# Prediction of Longitudinal Changes in Hippocampal and Parahippocampal Structures: An Interpretable Bayesian Analysis in Alzheimer's Disease

**Authors:** Ratnadeep Das, Atri Chatterjee, Sitikantha Roy

PMC · DOI: 10.1002/alz70856_106410 · Alzheimer's & Dementia · 2026-01-09

## TL;DR

This study uses a Bayesian GRU model to predict hippocampal and parahippocampal volume changes in Alzheimer's patients over two years, aiding in prognosis and treatment evaluation.

## Contribution

The novel contribution is the application of a GRU-BEND model with Bayesian inference for interpretable longitudinal predictions in Alzheimer's disease.

## Key findings

- The model accurately predicted hippocampal and parahippocampal volume changes with MAPE between 4.3% and 6.6%.
- Left hippocampus volume predictions were most accurate, with MAE of 0.039±0.002 for the third year.
- CDR-SB and MMSE had minimal impact, while amygdala and ventricle volumes were least influential in hippocampus predictions.

## Abstract

Alzheimer's disease is characterized by progressive atrophy of hippocampus and parahippocampal structures including entorhinal cortex and parahippocampal gyrus. Predicting longitudinal volume changes remains challenging as they can occur due to normal ageing and disease progression.

From the ADNI dataset (n = 480), we used two years of baseline data including demographics, cognitive assessment scores (CDR‐SB, MMSE), and FreeSurfer‐extracted MRI measurements to predict third and fourth‐year Hippocampus volume, parahippocampal volume and thickness. We employed a GRU‐based Bayesian Encoder‐Decoder architecture (GRU‐BEND) with a 70:10:20 train‐validation‐test split. We evaluated our model over five‐fold cross‐validation and used the Integrated Gradient method for feature importance analysis. Figure 1 shows the degradation of the region's volumes over the year for different diagnosis cohorts.

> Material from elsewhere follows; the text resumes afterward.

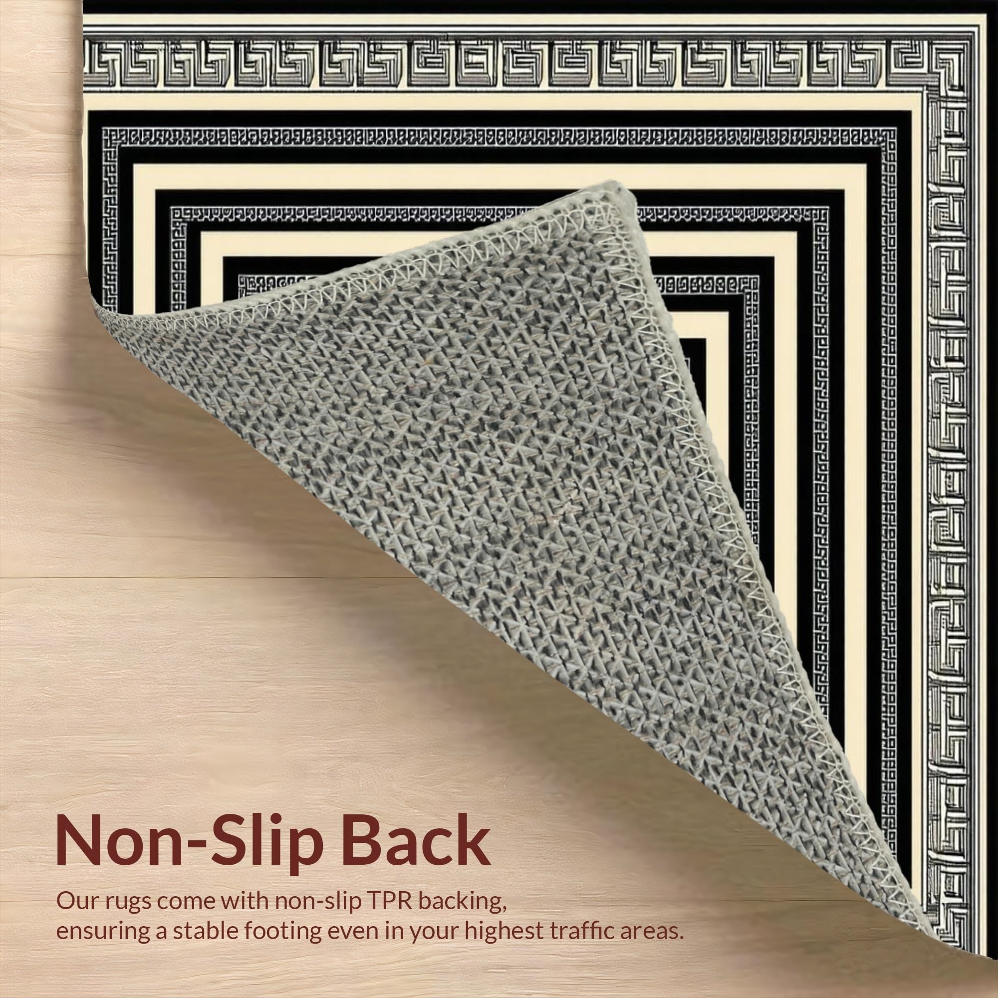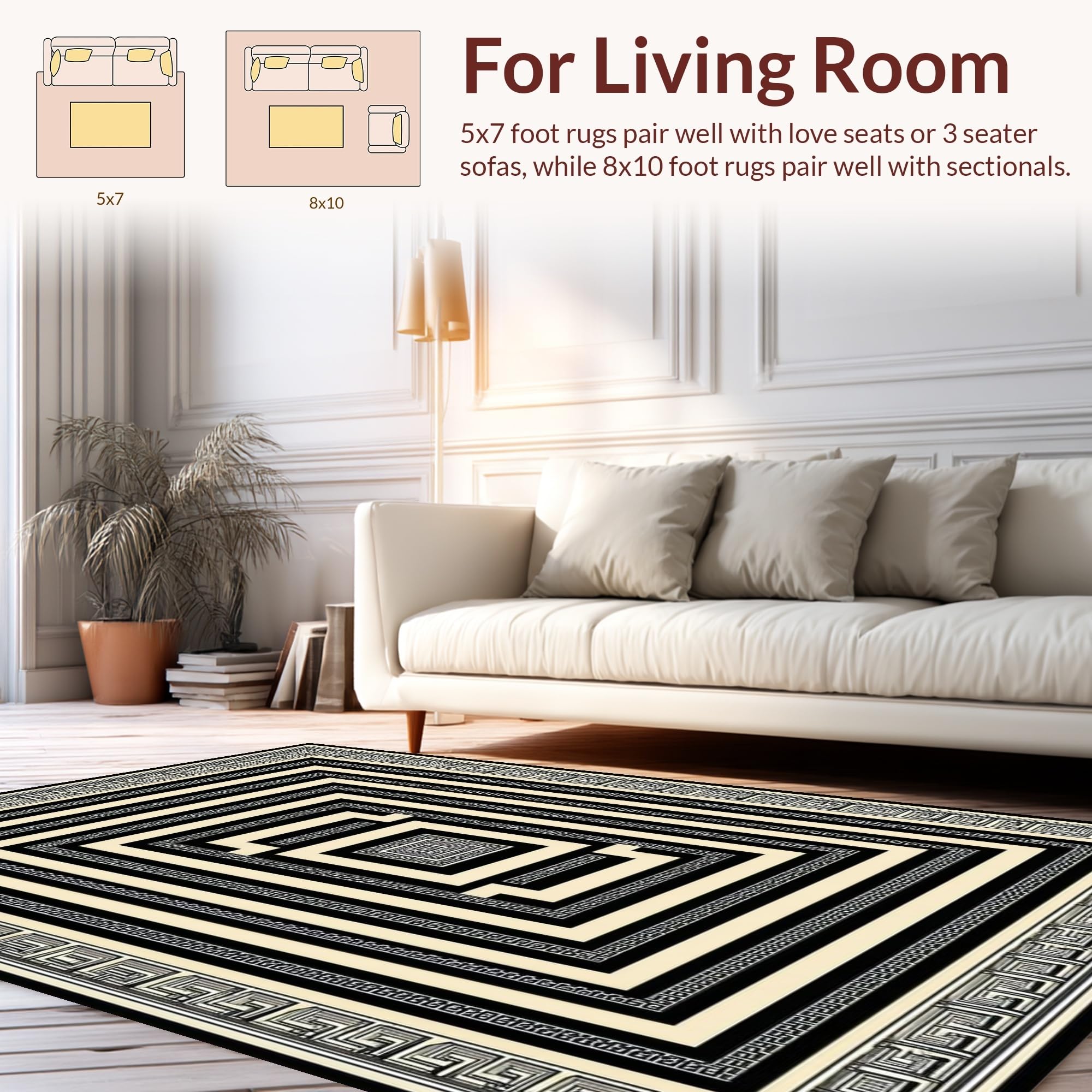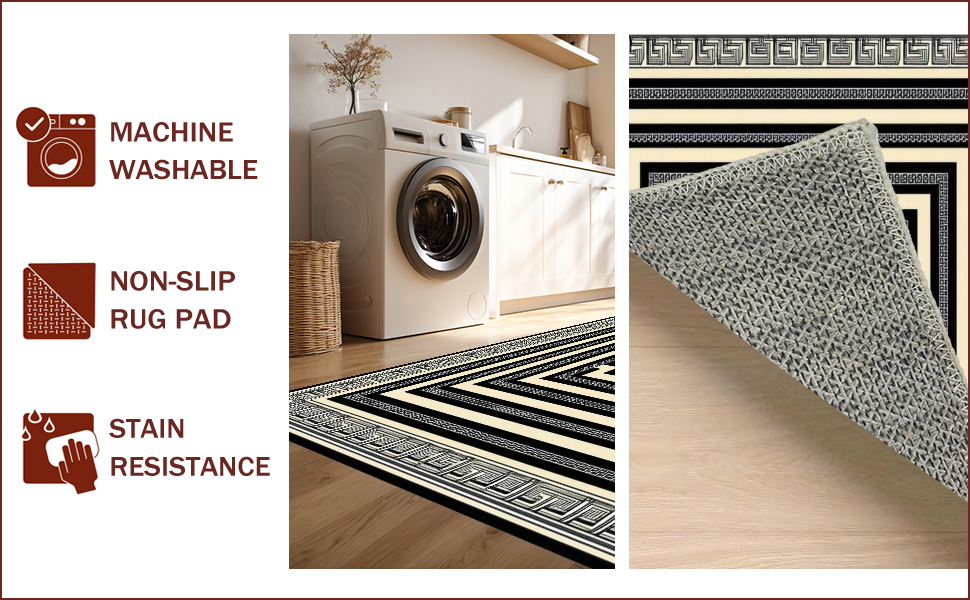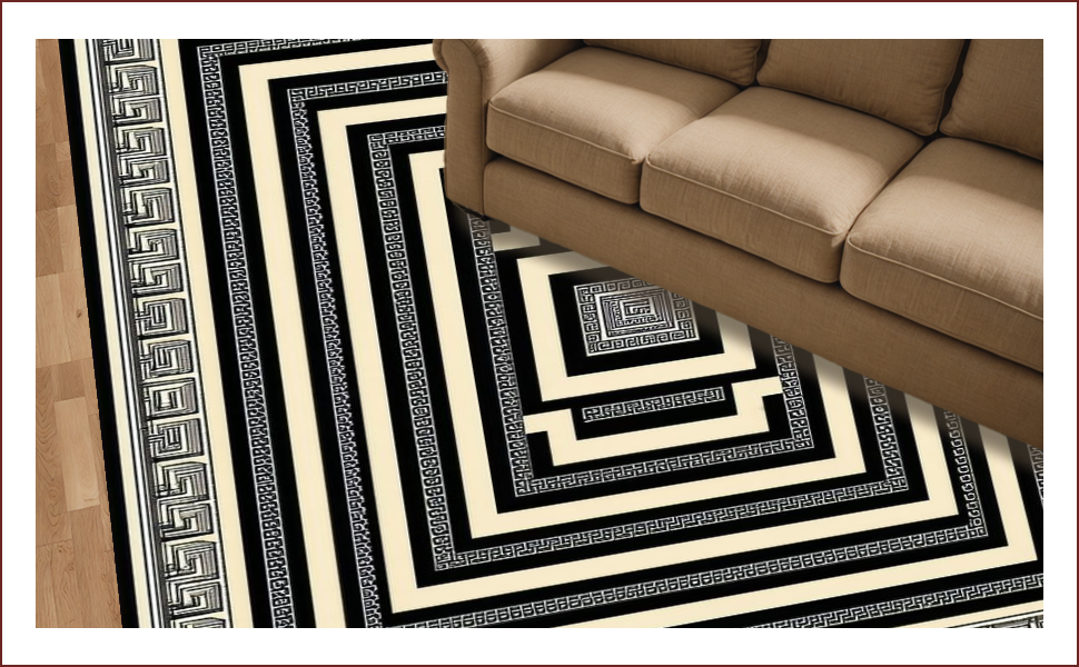 Ultra Soft Area Rug, Non Slip, Stain Resistant, Washable Area Rugs for Living Room, Bedroom, Chic Transitional Greek Key Motif(Gray) Overview:

The model demonstrated strong predictive performance for all the target variables. We employed the metrics Mean Absolute Error (MAE) and Mean Absolute Percentage Error (MAPE) to evaluate our model. As expected, the predictions for the third year were more accurate than the fourth year. MAPE for the third year ranged between 4.3% to 4.9%, while 5.1% to 6.6% for the fourth year. MAE ranged between 0.03 to 0.06. The Left and right hippocampus volume prediction was most accurate over both years (Y3: MAE: 0.039±0.002, MAPE: 4.4±0.1%; Y4: MAE: 0.045±0.003, MAPE: 5.1%). The important features contributing to the predictions for hippocampus (left) and parahippocampal volume (left) are shown below in Figure 2 and 3. The role of CDR‐SB and MMSE in the prediction was minimal. Surprisingly, amygdala and ventricle volume were among the least contributing factors for hippocampus predictions.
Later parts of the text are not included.